The usual parameters are a name prefix "pre", that is prepended to all quantities, the source object (here c, p or fitter), and the RhoTuple n. For example, with prefix "ppb_", the invariant mass is store as "ppb_m", the momentum as "ppb_p".

The most powerful methode is given by qaComp, which dumps rather complete information of a reconstructed decay of a composite. In this example this single call generates 180 branches with all kind of information. The strategy is to loop through the reconstructed decay tree and call qaCand, qaP4Cms and qaPid for each final state, and qa2Body and qaDalitz for all two- and three-body decays, respectively.

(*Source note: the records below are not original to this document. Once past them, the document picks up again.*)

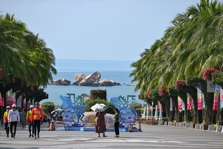 2024年11月19日,游客從位于三亞天涯海角游覽區(qū)的運(yùn)動(dòng)會(huì)吉祥物前經(jīng)過。新華社記者 陳澤國 攝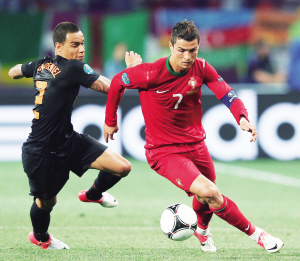 | →18日,葡萄牙队球员克·罗纳尔多(右)在比赛中与荷兰队球员范德维尔拼抢。 新华社发 |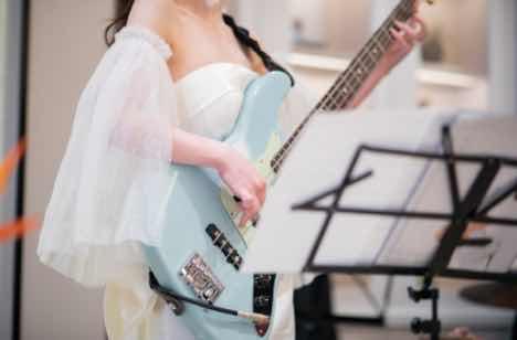 メインイベントの一つは生演奏!あくまで自然に音が会場内に溶け込むように。ゲストの皆様が写真を撮ったり、歓談をされているバックで、まずはピアノから音色を奏でます。サックスやご新婦様のベースも加わり、徐々に楽器が揃い華やかに。バンドメンバーの写真を撮るご新郎様、お席で音楽をじっくり楽しむご親族、音を感じながらお話を楽しむご友人。おふたりが思い描いていた皆んなが自然体で楽しく寛ぐひとときが実現しました。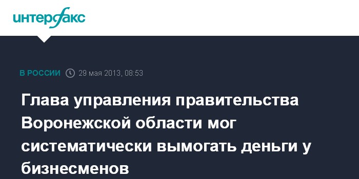 Глава управления правительства Воронежской области мог систематически вымогать деньги у бизнесменов

In addition, it stores the MC-truth-match information. For the i-th daughter, the method qaComp is called recursively, where di is appended to the prefix.

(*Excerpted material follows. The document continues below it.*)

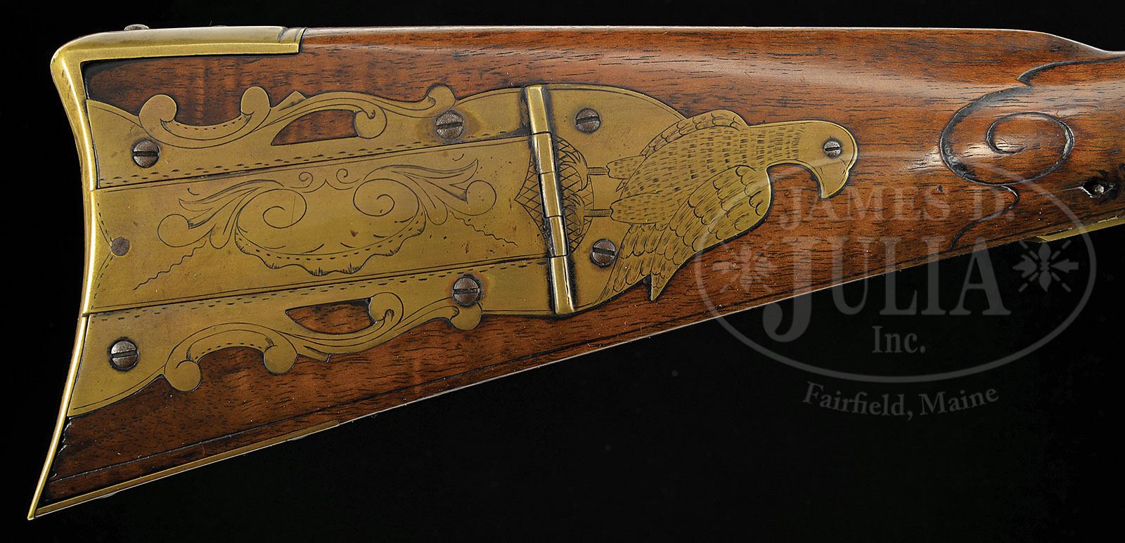 ATTRACTIVE JOHN LECKNER RELIEF CARVED YORK COUNTY FLINTLOCK KENTUCKY RIFLE. SN NSN. 42″ full oct 50 Cal. smooth rifle with unmarked bbl. Four piece engraved patchbox the finial of which is a nicely engraved bird standing on the patchbox hinge. Rifle has nice relief C scroll and rococo carving behind the cheekpiece and running under the cheekpiece and around the comb to the wrist area. Rifle is relief carved behind the bbl tang and is incised carved on each side of the ramrod entrance ferrule. Lock is marked “R. Ashmore Warranted” and appears to be original flint. Brass toeplate has one piercing and is held in place by two screws. Beveled brass sideplate is not engraved and has a third screw securing the rear of the sideplate. Honey colored stock has only traces of curl in the butt and the ramrod is held in place by four ramrod pipes. Patchbox on this gun is very similar to the John Leckner gun Number 140 in Kindig’s Thoughts on the Kentucky Rifle in its Golden Age. This gun was probably manufactured in the early 19th century. PROVENANCE: See Thoughts on the Kentucky Rifle in Its Golden Age, 1960, by Kindig, p. 333. Collection of Dr. Douglas Sirkin. CONDITION: Minor slivers repaired on sides of forend (hard to see). Otherwise the rifle seems to be original throughout. 4-50132 RG54 (10,000-20,000)

In our example ppbar -> J/psi pi+ pi- -> mu+ mu- pi+ pi-, the mass of the J/psi would be named "ppb_d0m", the pion PID of the pi+ "ppb_d1pidpi", the x-component of the momentum of the mu- "ppb_d0d1px", and so on.

So if you don’t know what infos to store, just use the method qaComp on intermediate or final composites. The macro tut_ana_compact.C would represent the full featured analyse for our example channel using the QA-tool.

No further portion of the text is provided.